## What is expected
Apart from the images, output the data below exactly.

## Input data
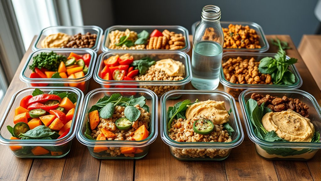 To make busy weeknights easier with plant-based meal prep, plan ahead by batch-cooking grains, proteins like lentils or tofu, and pre-chopping vegetables. Keep versatile ingredients on hand and store them in clear containers to streamline your process. Prepare snacks in advance to avoid temptation and focus on simple, flavorful meals that come together quickly. If you keep these tips in mind, you’ll find weeknights become much less stressful—stay tuned for more ideas to optimize your routine.
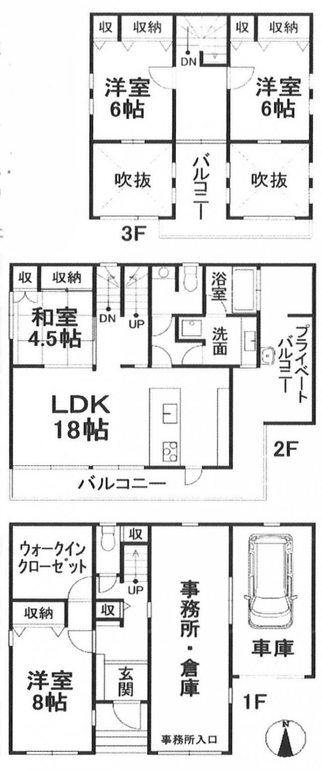 事務所と車庫のある、3階建ての中古戸建♪
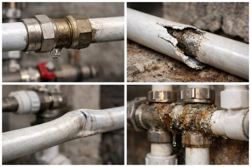 На практике это выражается в постепенной потере жесткости стенки и ослаблении уплотнений. Фитинги утрачивают герметичность, особенно у котлов и насосных групп. Такие дефекты могут проявляться сначала мелкими подтёками, затем переходить в аварийные разрывы. Раннее обнаружение критично для сокращения расходов и сохранения отделки.
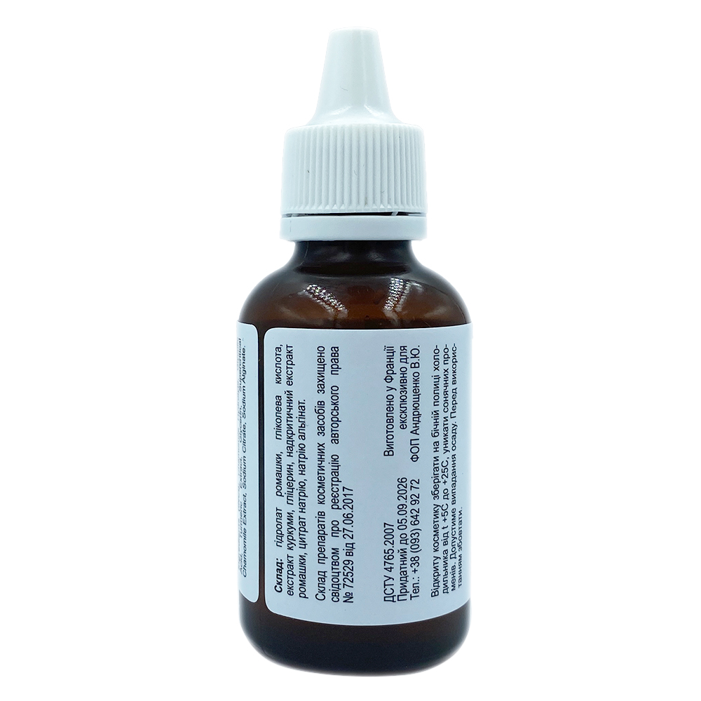 Склад: гідролат ромашки, гліколева кислота, екстракт куркуми, гліцерин, надкритичний CO2 екстракт ромашки,
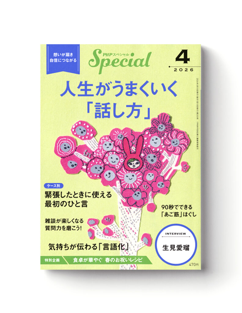 2026-03-08 PHPスペシャル4月号 PHPスペシャル4月号の表紙絵を担当しました。 Client: PHP研究所 Cover illustration: MICAO Design: 田村 梓 Home › Illustration › PHPスペシャル4月号 タグ: embroidery, illustration, MICAO, PHPスペシャル, works, イラストレーション, 刺繍, 連載 関連記事 Illustration File 2025 掲載 赤ずきんラインスタンプ第二弾 発売スタート PHPスペシャル3月号 Wave Rokko 6月号表紙絵 PHPスペシャル2月号 日々歩 特別寄付号
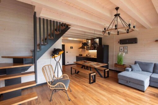 Elewacja zewnętrzna wykonana została z impregnowanych ciśnieniowo łat, co gwarantuje trwałość i odporność na warunki atmosferyczne. Nowoczesne schody zabiegowe z barierką zapewniają łatwy i bezpieczny dostęp do piętra, jednocześnie dodając charakteru całej konstrukcji.
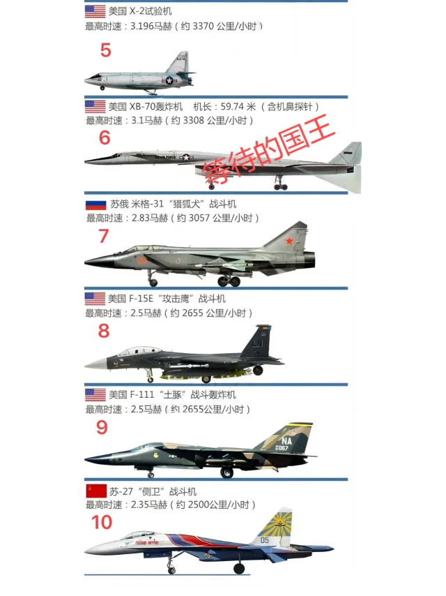 如图所示,国外最快的“十大战机”简介一览图。美国不仅上榜7款,还霸占了前三的位置。特别是第一款最高时速达到6.7马赫,也就是每小时可以达到7200公里。如果你还没有感到吃惊的话,那么就把单位换算成秒,就是一秒2000米。什么概念,也就是在你眨眼这一瞬间,它已经在2000之外。
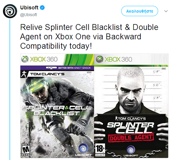 Αυτή τη φορά πρόκειται για τον τελευταίο τίτλο της σειράς Blacklist, αλλά και τον παλαιότερο Double Agent. Όσοι τυχόν έχετε κρατήσει τα αντίτυπά σας από το Xbox 360, το μόνο που έχετε να κάνετε είναι να βάλετε το δισκάκι στην κονσόλα σας και να κατεβάσετε τον τίτλο.
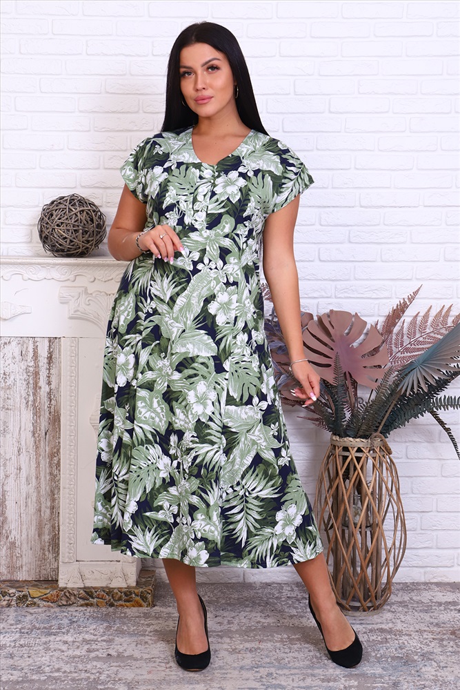 Платье женское удлиненное со спущенным рукавом, на полочке подрез, планка на трех декоративных пуговицах, внизу расклешение. Рисунок ткани красивый, насыщенный. Модель придает легкость, изящность, подойдет на каждый день, для прогулки и дома.

## Exercise solution
 To make busy weeknights easier with plant-based meal prep, plan ahead by batch-cooking grains, proteins like lentils or tofu, and pre-chopping vegetables. Keep versatile ingredients on hand and store them in clear containers to streamline your process. Prepare snacks in advance to avoid temptation and focus on simple, flavorful meals that come together quickly. If you keep these tips in mind, you’ll find weeknights become much less stressful—stay tuned for more ideas to optimize your routine.
 事務所と車庫のある、3階建ての中古戸建♪
 На практике это выражается в постепенной потере жесткости стенки и ослаблении уплотнений. Фитинги утрачивают герметичность, особенно у котлов и насосных групп. Такие дефекты могут проявляться сначала мелкими подтёками, затем переходить в аварийные разрывы. Раннее обнаружение критично для сокращения расходов и сохранения отделки.
 Склад: гідролат ромашки, гліколева кислота, екстракт куркуми, гліцерин, надкритичний CO2 екстракт ромашки,
 2026-03-08 PHPスペシャル4月号 PHPスペシャル4月号の表紙絵を担当しました。 Client: PHP研究所 Cover illustration: MICAO Design: 田村 梓 Home › Illustration › PHPスペシャル4月号 タグ: embroidery, illustration, MICAO, PHPスペシャル, works, イラストレーション, 刺繍, 連載 関連記事 Illustration File 2025 掲載 赤ずきんラインスタンプ第二弾 発売スタート PHPスペシャル3月号 Wave Rokko 6月号表紙絵 PHPスペシャル2月号 日々歩 特別寄付号
 Elewacja zewnętrzna wykonana została z impregnowanych ciśnieniowo łat, co gwarantuje trwałość i odporność na warunki atmosferyczne. Nowoczesne schody zabiegowe z barierką zapewniają łatwy i bezpieczny dostęp do piętra, jednocześnie dodając charakteru całej konstrukcji.
 如图所示,国外最快的“十大战机”简介一览图。美国不仅上榜7款,还霸占了前三的位置。特别是第一款最高时速达到6.7马赫,也就是每小时可以达到7200公里。如果你还没有感到吃惊的话,那么就把单位换算成秒,就是一秒2000米。什么概念,也就是在你眨眼这一瞬间,它已经在2000之外。
 Αυτή τη φορά πρόκειται για τον τελευταίο τίτλο της σειράς Blacklist, αλλά και τον παλαιότερο Double Agent. Όσοι τυχόν έχετε κρατήσει τα αντίτυπά σας από το Xbox 360, το μόνο που έχετε να κάνετε είναι να βάλετε το δισκάκι στην κονσόλα σας και να κατεβάσετε τον τίτλο.
 Платье женское удлиненное со спущенным рукавом, на полочке подрез, планка на трех декоративных пуговицах, внизу расклешение. Рисунок ткани красивый, насыщенный. Модель придает легкость, изящность, подойдет на каждый день, для прогулки и дома.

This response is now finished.